The authors take a more explicitly numerical or equation-based approach to analysis than Kolmogorov and Fomin, who are more abstract and set-based. While this book does not go into topic Lebesgue integrals with anywhere near the depth of K&F, the appeal to numerical thinking is useful for helping someone in natural science get a handle on where the abstract math is going. When I read the authors' introduction, I was gratified to know that this book's approach stemmed from the travails that physics majors at MIT faced when they took real analysis!
I found this book handy for the basics on the limits of sets and the Picard condition for ordinary differential equations. Its coverage of more advanced topics like Lebesgue integration is very light, but as an undergraduate text or as an adjunct for graduate students new to the field, it can be highly useful.
Rating:  Summary: Newest of the Best!
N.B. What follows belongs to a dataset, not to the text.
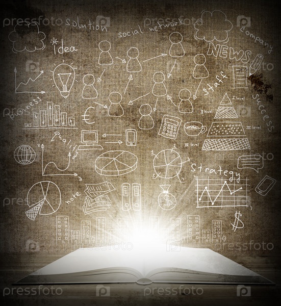 Открытая книга с летающими иконками
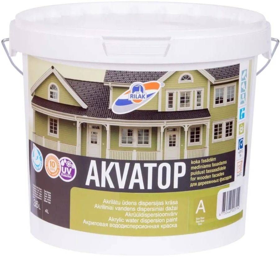 Rilak puitfassaadivärv Akvatop. Kollane poolmatt veebaasil välisvärv puitpindade viimistlemiseks. Värv moodustab elastse ilmastikukindla pinna. Väga hea kattevõime ja nakkega. Kasutustemperatuur on +5 kuni +28°C, katvus 8 - 10 m² /L ja kuivamisaeg 1 tund. Pakendis on 3,6 L.

Review: I have always been hoping that there are more modern textbooks on the undergraduate math that are written by great mathematicians. This one is one of the first to appear on the market. Thanks for Professor Mattuck! I love you, and love your book more!!! Hehe....Oh, by the way, one day if you see a movie called A Wonderful Mind, then you'll find a guy featured in it whose name is Abel Maple. The future greatest mathematician of the 22 century. Just kidding!
Rating:  Summary: Great introduction to analysis Review: The book is slow to begin but it does a great job in explaining all the concepts. The author explains the proofs and theorems and it introduces some intermediate ideas to understand the theorems and definitions. The book contains a lot of exercise of different nature and difficulty. It covers a great range of subjects but not enough on the Rn. The book is basic in it contain, it is not difficult to read and follow. It can serve as an introduction to analysis. I would recommend it if you want an introduction to analysis.
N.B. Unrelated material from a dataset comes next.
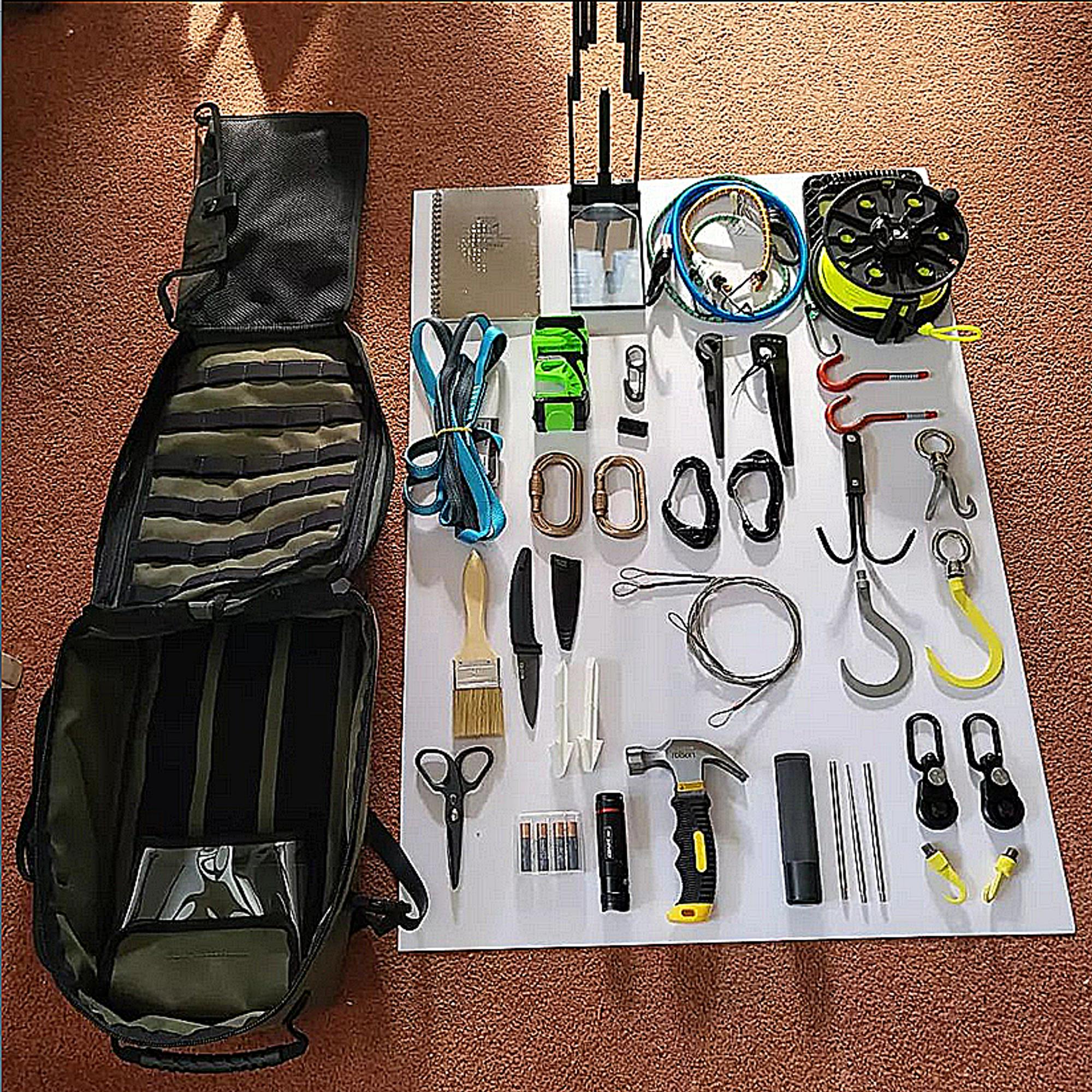 Pomminpurkajan työkalupakista löytyy välineitä koukuista pihteihin, vaijereihin ja merkkausköysiin. Apuna EOD-ryhmillä on räjähteiden etsimiseen koulutettuja koiria, jotka haistavat ja merkkaavat löytämänsä räjähteet.

Rating:  Summary: A great introduction to analysis Review: This is an unusual and beautifully written introduction to real analysis. The presentation is carefully crafted and extremely lucid, with wonderfully creative examples and proofs, and a generous sprinkle of subtle humor. The layout of the pages is exceptionally attractive. The author has clearly put a great deal of thought and effort into producing an analysis text of the highest quality.Most of the book concentrates on real-valued functions of a single (real) variable. There is a gradual and careful development of the ideas, with helpful explanations of elementary matters that are often skipped in other books. For instance, prior to the chapter on limits of sequences, the book has a chapter on estimation and approximation, discussing algebraic laws governing inequalities, giving examples of how to use these laws, and developing techniques for bounding sequences and for approximating numbers. Proofs involving "epsilons" and "arbitrarily large n" make their first appearance here. The overall presentation of the book is carefully thought out. Each chapter is broken up into small sections, and each section emphasizes one principle idea or theorem. The proofs of the main theorems are lovely, and give both intuitive explanations and rigorous details. Genuinely interesting examples and problems illuminate the key ideas. Each chapter contains a mix of problems: "questions" that help students test their grasp of the main points of each section, "exercises" that are intermediate in scope, and more difficult "problems". (A solutions manual is available for instructors from the publisher.) The careful explanations, even of "elementary" matters, and two appendices on sets, numbers, logic, and methods of argumentation, make the book suitable for a first analysis course in which students have had no prior exposure to proofs. There is ample material for a one-semester, or in some cases a one-year, course. In summary, I believe that this is the best introductory real analysis book on the market. Students and instructors alike will find it a joy to read.